One place I worked the performance review was mostly a vehicle to formalize the bullshit "official" reason you weren't getting a good raise. The real reason was always "we reward politics, not hard work."
Another place used it as a quarterly tool to rehabilitate underperformers. That way management could point to the reviews as action they were taking to improve their underlings. If you were a good performer you could write down any recycled goals or nonsense and no one cared.
Good summary. I have worked at both of the above places. Annual reviews are BS.
My favorite year was the year there was a salary freeze, so my "score" on the review was irrelevant. My lazy self-promoting boss had all of us write his portion for him. He gave us about a month's notice to do his part. So, I got out the thesauraus and used all of the words I could find for fantastic, exceptional, visionary, etc. Every minor thing I had done, no matter how trivial, I mentioned as if it was extremely important. I spent the whole month remembering things and adding them until it was probably 4 times as long as a normal review. Mostly I wanted to see what his reaction would be, if he would even take the time to edit it, or if we would really sit down to talk about it like we were supposed to. He just signed it and never scheduled our meeting to talk it over but forwarded it to me for my signature on my part. Then by the time the next review rolled around he had left the company and I had a brand new boss who was using what I wrote the previous year as a template because he seemed to have no clue about what I did for a living or that my ex-boss didn't write what was in the file. I got a huge raise that second year. ;-)
Now I keep a running file. Every time I do anything that could go on the form, any time I get a compliment, it goes in the file. Makes it a snap to write my part when the time comes, which is good since I'm in an environment where what I put on the paper is irrelevant to advancement and pay increases anyway (really it just boils down to numbers you produce, how much you whine about getting paid more, and how much people like you), so I'm just trying to make doing it quick and easy.

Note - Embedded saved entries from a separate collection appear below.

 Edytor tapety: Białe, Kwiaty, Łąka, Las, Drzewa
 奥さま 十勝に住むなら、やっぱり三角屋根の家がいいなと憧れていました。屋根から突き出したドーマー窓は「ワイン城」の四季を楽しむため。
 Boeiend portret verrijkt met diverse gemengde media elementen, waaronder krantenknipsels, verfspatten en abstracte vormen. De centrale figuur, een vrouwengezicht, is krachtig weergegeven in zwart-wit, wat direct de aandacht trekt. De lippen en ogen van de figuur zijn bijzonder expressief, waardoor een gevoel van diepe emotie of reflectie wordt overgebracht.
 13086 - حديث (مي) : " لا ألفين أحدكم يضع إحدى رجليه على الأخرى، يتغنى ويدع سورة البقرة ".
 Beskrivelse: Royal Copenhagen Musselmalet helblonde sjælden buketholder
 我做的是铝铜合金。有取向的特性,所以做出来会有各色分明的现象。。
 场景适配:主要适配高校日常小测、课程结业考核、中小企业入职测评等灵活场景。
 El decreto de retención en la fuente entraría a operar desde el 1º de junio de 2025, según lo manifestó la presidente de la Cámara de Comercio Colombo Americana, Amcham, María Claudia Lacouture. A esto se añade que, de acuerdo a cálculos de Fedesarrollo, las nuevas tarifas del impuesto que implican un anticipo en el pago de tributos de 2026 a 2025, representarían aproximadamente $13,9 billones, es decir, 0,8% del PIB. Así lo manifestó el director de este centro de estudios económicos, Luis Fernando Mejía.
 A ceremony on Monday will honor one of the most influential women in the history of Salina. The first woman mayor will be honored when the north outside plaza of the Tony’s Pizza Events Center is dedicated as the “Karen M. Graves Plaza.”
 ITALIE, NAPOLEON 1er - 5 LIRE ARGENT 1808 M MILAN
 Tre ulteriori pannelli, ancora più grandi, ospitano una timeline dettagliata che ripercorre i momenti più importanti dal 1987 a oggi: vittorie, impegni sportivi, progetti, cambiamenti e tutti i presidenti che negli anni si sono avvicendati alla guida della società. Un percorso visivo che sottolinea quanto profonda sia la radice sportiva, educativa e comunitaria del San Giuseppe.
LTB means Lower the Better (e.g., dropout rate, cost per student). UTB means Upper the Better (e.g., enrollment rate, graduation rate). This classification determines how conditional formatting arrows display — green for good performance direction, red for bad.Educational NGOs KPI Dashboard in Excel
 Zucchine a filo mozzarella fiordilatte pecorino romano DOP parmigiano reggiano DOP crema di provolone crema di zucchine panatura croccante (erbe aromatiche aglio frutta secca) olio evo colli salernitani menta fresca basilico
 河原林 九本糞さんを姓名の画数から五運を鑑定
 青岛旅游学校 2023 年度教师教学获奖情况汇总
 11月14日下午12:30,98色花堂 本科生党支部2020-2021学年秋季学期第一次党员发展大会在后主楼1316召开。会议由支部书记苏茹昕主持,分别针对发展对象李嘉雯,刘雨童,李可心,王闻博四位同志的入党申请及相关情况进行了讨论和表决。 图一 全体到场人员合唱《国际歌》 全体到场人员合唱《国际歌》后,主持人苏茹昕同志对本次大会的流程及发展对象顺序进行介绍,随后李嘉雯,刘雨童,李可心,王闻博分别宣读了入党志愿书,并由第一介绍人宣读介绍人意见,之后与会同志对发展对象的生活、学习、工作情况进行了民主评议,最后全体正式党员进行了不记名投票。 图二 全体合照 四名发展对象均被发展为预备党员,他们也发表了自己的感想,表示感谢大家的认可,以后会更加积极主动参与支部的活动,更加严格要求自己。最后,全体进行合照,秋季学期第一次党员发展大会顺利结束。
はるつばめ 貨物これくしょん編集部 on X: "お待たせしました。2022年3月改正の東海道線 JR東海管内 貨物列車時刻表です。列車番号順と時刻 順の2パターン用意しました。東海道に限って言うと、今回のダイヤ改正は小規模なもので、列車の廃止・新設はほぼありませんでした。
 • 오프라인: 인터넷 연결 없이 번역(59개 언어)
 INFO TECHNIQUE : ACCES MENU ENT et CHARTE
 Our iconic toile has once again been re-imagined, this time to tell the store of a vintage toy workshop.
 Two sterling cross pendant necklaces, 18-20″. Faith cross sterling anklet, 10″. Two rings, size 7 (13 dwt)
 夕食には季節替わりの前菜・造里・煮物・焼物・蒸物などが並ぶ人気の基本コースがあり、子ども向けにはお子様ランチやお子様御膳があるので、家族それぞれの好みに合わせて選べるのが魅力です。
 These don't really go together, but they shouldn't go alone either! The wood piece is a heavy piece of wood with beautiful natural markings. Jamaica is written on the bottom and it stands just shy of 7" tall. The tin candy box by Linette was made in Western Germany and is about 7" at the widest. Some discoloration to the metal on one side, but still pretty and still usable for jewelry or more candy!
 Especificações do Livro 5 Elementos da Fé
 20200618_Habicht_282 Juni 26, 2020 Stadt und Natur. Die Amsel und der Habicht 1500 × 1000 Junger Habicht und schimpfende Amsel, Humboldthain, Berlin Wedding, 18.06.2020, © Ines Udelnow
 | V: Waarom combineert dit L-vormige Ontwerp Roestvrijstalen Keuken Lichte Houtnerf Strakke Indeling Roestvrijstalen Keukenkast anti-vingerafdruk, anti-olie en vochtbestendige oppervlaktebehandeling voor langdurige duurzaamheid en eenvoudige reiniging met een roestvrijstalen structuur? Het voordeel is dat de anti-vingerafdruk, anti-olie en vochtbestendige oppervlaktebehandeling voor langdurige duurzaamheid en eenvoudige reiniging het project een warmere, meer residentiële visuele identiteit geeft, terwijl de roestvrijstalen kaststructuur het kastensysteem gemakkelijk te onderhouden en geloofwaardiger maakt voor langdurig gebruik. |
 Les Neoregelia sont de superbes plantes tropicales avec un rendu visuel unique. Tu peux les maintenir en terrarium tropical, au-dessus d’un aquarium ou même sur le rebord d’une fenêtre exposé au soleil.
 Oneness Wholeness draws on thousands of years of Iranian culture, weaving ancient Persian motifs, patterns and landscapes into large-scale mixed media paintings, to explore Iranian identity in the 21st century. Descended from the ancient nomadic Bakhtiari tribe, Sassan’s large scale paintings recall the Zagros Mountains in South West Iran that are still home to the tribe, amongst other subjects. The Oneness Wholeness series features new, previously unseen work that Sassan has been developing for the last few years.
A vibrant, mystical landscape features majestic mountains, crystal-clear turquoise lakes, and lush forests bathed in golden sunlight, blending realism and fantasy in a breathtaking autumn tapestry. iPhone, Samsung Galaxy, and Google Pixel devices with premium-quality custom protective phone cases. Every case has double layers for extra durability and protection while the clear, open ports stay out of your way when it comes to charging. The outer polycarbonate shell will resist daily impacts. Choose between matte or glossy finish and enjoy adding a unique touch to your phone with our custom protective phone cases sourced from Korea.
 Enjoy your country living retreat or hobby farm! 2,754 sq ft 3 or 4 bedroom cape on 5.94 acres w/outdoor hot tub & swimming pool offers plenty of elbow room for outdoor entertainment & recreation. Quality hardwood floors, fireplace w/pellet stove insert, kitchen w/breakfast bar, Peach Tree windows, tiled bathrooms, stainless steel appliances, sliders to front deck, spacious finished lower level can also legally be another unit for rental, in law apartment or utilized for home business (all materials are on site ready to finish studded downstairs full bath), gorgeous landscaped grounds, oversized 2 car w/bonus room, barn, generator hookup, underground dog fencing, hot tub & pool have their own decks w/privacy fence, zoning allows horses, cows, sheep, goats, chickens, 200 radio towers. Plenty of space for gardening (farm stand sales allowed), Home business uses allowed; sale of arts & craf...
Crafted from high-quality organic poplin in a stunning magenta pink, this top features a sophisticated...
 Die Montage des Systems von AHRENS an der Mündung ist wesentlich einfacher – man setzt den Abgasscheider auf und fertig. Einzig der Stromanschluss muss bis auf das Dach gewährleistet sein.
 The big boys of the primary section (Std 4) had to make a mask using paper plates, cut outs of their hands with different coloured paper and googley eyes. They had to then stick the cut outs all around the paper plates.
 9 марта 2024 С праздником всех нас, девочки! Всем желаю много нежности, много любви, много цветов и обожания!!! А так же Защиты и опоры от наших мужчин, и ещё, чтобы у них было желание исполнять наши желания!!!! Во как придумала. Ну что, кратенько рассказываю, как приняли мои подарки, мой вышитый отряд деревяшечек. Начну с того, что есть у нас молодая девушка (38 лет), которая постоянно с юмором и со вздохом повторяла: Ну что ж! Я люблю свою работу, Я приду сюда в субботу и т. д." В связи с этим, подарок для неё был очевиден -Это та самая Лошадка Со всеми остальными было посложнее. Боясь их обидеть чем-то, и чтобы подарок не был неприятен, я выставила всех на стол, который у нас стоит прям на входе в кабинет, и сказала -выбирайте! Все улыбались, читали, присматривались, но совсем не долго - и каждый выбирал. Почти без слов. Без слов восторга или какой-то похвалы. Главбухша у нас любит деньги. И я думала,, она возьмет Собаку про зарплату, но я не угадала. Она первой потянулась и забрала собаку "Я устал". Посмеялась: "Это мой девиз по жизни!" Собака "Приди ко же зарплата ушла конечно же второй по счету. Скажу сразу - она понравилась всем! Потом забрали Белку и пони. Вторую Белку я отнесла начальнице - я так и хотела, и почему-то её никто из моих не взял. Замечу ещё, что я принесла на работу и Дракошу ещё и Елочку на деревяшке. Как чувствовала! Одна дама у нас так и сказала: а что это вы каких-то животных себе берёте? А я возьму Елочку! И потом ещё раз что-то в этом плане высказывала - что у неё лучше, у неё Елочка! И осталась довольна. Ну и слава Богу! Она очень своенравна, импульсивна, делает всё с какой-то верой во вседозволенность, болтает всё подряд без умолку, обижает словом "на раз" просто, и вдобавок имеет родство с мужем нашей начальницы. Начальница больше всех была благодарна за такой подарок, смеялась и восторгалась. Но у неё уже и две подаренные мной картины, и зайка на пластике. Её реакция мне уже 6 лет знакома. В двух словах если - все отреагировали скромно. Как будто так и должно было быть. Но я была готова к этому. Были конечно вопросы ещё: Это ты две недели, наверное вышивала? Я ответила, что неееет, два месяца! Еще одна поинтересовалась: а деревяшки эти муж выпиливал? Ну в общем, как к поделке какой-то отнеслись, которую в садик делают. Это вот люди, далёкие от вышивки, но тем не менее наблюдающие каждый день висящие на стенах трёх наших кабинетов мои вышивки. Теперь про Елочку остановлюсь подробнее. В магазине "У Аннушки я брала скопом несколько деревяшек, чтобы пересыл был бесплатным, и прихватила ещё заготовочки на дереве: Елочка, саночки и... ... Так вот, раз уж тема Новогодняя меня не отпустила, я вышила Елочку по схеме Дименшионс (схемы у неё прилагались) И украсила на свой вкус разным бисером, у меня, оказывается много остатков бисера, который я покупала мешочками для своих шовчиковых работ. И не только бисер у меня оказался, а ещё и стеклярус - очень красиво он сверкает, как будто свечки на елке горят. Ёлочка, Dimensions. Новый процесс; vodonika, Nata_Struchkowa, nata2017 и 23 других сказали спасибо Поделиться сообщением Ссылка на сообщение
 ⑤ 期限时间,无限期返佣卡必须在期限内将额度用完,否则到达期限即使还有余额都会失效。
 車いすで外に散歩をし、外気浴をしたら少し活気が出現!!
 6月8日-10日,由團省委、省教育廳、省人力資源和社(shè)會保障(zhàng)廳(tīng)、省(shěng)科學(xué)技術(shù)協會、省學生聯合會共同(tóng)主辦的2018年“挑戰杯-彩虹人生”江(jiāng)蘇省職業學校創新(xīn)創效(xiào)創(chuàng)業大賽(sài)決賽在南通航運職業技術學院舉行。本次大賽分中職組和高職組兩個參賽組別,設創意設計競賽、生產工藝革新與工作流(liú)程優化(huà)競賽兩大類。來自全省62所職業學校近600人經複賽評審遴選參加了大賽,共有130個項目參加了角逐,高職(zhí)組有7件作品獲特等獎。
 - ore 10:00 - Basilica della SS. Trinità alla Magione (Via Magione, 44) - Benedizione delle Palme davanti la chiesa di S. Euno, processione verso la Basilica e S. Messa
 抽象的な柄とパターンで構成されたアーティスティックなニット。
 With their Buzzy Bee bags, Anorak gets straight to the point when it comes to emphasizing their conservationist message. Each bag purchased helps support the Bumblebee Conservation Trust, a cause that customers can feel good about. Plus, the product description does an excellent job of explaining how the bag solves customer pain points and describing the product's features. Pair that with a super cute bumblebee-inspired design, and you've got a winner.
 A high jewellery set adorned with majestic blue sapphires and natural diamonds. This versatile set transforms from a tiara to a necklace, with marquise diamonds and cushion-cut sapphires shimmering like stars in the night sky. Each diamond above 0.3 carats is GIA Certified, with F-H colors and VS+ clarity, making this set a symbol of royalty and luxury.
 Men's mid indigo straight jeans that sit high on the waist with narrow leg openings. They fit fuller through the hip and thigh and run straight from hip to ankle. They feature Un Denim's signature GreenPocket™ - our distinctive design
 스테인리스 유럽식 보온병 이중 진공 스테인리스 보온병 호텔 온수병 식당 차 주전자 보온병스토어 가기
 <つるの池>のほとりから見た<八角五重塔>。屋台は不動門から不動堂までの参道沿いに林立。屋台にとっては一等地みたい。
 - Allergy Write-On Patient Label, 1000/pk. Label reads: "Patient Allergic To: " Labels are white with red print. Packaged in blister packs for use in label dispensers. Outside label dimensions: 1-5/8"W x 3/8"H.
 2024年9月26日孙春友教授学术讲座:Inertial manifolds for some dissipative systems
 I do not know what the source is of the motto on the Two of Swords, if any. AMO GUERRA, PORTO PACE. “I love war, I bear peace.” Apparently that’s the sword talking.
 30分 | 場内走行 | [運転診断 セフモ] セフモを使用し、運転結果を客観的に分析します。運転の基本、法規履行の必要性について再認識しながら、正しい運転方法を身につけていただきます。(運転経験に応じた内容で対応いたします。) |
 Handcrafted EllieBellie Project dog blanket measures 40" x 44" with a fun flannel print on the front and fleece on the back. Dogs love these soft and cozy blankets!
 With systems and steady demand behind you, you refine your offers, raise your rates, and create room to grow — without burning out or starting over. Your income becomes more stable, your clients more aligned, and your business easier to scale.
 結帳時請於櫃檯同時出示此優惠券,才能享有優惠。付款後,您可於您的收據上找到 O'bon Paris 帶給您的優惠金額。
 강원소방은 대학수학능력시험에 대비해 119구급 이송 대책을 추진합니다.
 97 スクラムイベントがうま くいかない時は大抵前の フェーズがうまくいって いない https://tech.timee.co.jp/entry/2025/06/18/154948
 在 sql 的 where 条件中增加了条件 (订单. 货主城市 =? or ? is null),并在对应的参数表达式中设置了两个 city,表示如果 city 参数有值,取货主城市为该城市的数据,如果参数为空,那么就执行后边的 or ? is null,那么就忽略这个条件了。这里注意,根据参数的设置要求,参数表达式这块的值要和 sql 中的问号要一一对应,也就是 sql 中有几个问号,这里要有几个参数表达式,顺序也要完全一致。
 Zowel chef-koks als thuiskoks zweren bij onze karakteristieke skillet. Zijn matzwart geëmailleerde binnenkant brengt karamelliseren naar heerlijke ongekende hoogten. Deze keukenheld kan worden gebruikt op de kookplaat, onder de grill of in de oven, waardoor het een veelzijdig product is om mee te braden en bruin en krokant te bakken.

Mozar, I know bragging isn't really your thing, but have fun making your part of the review an account about how incredibly awesome you are. Keep it totally positive (even the weakness part, find some way to twist it around to a strength.) Use the thesaurus function to find more words for polite, timely, efficient, dependable, whatever. Make a list of every single customer or project to create a log of your work. Steadfastly succinct, punctual, and businesslike, which many customers appreciate? That seems like you. Good luck.